◆ **Requirement**
Return all lines of the records that contain the word "against".

◆ **The input**
--*--

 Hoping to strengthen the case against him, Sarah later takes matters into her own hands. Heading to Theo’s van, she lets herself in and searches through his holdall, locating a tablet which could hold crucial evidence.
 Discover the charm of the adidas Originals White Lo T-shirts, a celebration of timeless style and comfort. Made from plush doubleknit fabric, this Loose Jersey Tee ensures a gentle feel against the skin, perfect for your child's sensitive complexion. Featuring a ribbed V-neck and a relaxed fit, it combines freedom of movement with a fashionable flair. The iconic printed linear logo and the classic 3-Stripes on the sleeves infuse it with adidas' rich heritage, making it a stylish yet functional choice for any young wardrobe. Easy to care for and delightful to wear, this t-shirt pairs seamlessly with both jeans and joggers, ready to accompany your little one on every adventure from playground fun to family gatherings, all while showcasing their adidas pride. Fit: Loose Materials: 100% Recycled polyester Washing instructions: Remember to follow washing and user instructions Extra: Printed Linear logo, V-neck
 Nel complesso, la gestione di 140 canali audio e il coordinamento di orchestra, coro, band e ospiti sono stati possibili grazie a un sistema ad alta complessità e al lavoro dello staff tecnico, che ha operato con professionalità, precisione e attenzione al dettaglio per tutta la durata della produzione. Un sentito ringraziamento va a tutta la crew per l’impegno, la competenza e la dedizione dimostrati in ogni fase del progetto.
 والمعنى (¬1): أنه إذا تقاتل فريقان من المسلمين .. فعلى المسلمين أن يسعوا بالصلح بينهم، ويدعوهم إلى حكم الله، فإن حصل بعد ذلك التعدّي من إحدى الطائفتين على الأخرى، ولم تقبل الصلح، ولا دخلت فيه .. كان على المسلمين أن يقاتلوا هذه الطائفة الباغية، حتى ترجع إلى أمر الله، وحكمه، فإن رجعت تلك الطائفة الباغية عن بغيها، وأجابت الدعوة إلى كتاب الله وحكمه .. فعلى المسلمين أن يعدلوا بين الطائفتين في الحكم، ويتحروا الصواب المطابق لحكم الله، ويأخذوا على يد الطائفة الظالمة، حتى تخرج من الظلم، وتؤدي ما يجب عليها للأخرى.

--*--

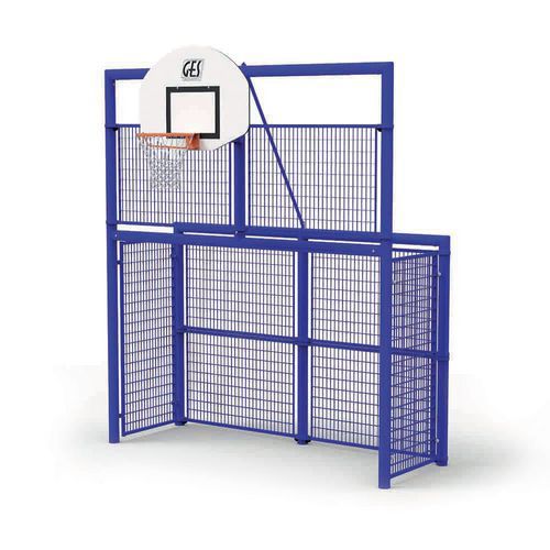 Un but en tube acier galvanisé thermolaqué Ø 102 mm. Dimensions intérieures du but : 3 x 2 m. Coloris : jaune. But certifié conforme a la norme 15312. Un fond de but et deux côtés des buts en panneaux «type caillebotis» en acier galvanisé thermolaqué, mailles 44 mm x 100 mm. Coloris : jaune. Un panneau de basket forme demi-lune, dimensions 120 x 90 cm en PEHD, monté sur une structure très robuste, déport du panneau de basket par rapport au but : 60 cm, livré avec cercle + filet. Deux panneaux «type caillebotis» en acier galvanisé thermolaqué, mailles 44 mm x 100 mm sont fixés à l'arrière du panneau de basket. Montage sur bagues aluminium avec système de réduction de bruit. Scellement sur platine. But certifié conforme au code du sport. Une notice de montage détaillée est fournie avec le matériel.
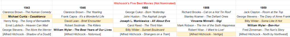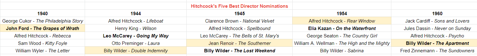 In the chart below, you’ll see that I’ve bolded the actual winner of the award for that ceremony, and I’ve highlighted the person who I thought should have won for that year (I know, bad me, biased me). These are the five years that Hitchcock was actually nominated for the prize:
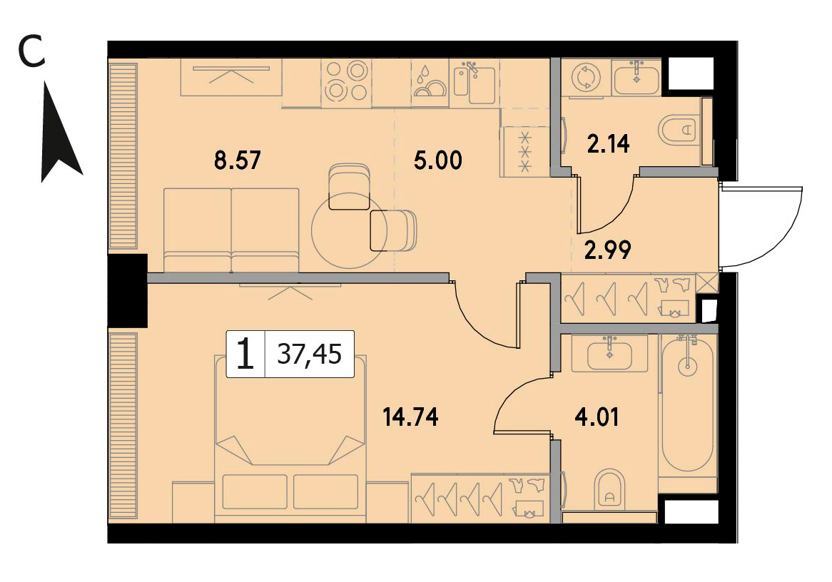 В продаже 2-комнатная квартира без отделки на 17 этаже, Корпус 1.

--*--

◆ **Response to the task**
 Hoping to strengthen the case against him, Sarah later takes matters into her own hands. Heading to Theo’s van, she lets herself in and searches through his holdall, locating a tablet which could hold crucial evidence.
 Discover the charm of the adidas Originals White Lo T-shirts, a celebration of timeless style and comfort. Made from plush doubleknit fabric, this Loose Jersey Tee ensures a gentle feel against the skin, perfect for your child's sensitive complexion. Featuring a ribbed V-neck and a relaxed fit, it combines freedom of movement with a fashionable flair. The iconic printed linear logo and the classic 3-Stripes on the sleeves infuse it with adidas' rich heritage, making it a stylish yet functional choice for any young wardrobe. Easy to care for and delightful to wear, this t-shirt pairs seamlessly with both jeans and joggers, ready to accompany your little one on every adventure from playground fun to family gatherings, all while showcasing their adidas pride. Fit: Loose Materials: 100% Recycled polyester Washing instructions: Remember to follow washing and user instructions Extra: Printed Linear logo, V-neck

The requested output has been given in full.